Emilee's artistic skills were well-developed before her accident. Now she needed to learn how to express herself in new ways or express herself in her former ways using alternative skills of blindness. It was up to George, along with the BLIND Inc. staff, to help Emilee figure out that she could do art as a blind person and then help her develop new techniques.

Here is what Emilee said in a speech about George's teaching, "This man has given me a priceless gift and showed me a valuable lesson: That sight has nothing to do with making art. It's the vision within that matters."

In an interview for this article, Emilie said, "When I went blind in 2010, I was very uncertain whether or not I could still be an artist or continue going to the art college, Cooper Union. Even though everyone I knew--my family, friends, and my doctors--were all very supportive and believed that I could still be an artist, I didn't believe in myself. So, I started to consider doing other things and dropping out of art school because I was very overwhelmed by everything and too scared to go back to school.

“When I met George in Minneapolis at BLIND Inc., I was so amazed and inspired by him and the work he does. We instantly became friends because I felt like we had a lot in common, and I appreciated everything I learned from him. He really believed in me, and knowing a person like George exists in the world gave me the courage to keep going to art school and making art.
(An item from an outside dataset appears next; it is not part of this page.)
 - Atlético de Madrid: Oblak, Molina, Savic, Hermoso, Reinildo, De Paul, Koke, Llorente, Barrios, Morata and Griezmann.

He showed me the skills to make objects and sculptures with my hands again, using chisels and a mallet for woodcarving. He also challenged me to think creatively and helped me make my visions for art in my head become physical and real. For that I am eternally grateful for George and his continued support. Thanks to George, I went back to Cooper Union and graduated with a bachelor of fine arts, and now I have a studio in New York City where I make sculptures and have shows. I hope one day I can do the same for another person, what George did for me."
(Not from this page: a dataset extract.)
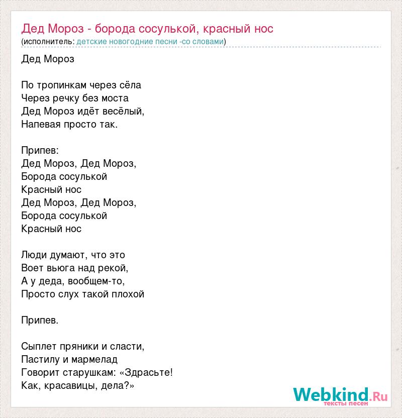 Дед Мороз По тропинкам через сёла Через речку без моста Дед Мороз идёт весёлый, Напевая просто так. Припев: Дед Мороз, Дед Мороз, Борода сосулькой Красный нос Дед Мороз, Дед Мороз, Борода сосулькой Красный нос Люди думают, что это Воет вьюга над рекой, А у деда, вообщем-то, Просто слух такой плохой Припев. Сыплет пряники и сласти, Пастилу и мармелад Говорит старушкам: «Здрасьте! Как, красавицы, дела?»

Professionals, laypersons, and a lot of us blind folks often talk about careers that are good for blind people. From chair caning and piano tuning to psychology and social work, all perfectly wonderful professions in and of themselves, blind people have been herded into them because they are a simple fix, lots of blind people do them, and this makes work easy for teachers, guidance counselors, and for blind people who are unsure of themselves.
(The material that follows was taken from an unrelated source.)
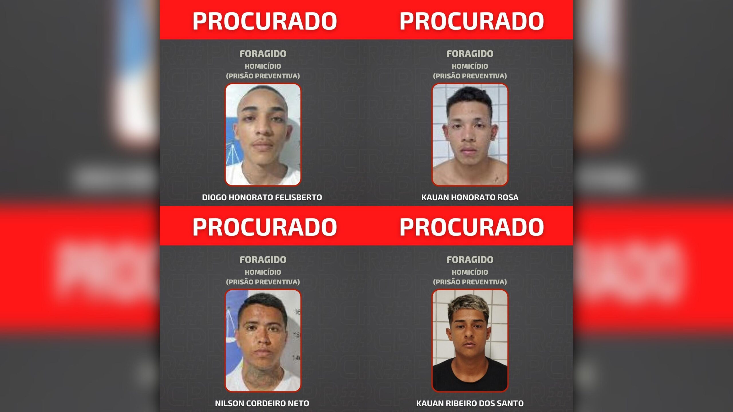 A Polícia Civil divulgou nesta quinta-feira, 5, fotos de quatro foragidos, três deles de 20 anos e um de 19 anos, por crimes distintos ocorridos em Paranaguá.

Many people associate the roots of the NFB with Iowa. This is for good reason: Dr. Jernigan put into practice Federation philosophy there and proved that our ideas could produce superior results. Our deep roots go to California and even the Bay Area where Smith-Kettlewell and the San Francisco Lighthouse are. Dr. tenBroek and before him, a STEM person, math Professor Newel Perry, studied and developed the positive philosophy of blindness that is now one of the core principles of the National Federation of the Blind. The Bay Area seems to be a place for upstarts and sages to mix, mingle, and create change. Given the seventy-five years of our organization and the forty years preceding it, the Bay Area has certainly led a revolution in the field of rehabilitation for blind people. It hasn't stopped. With Bryan Bashin, Dr. Joshua Miele, George, and a lot of other rule breakers and entrepreneurs, the future is very bright indeed. George is living the life he wants and showing us all a path of our own. Whether high tech or primitive crafts, we can all see that it is not blindness that holds us back.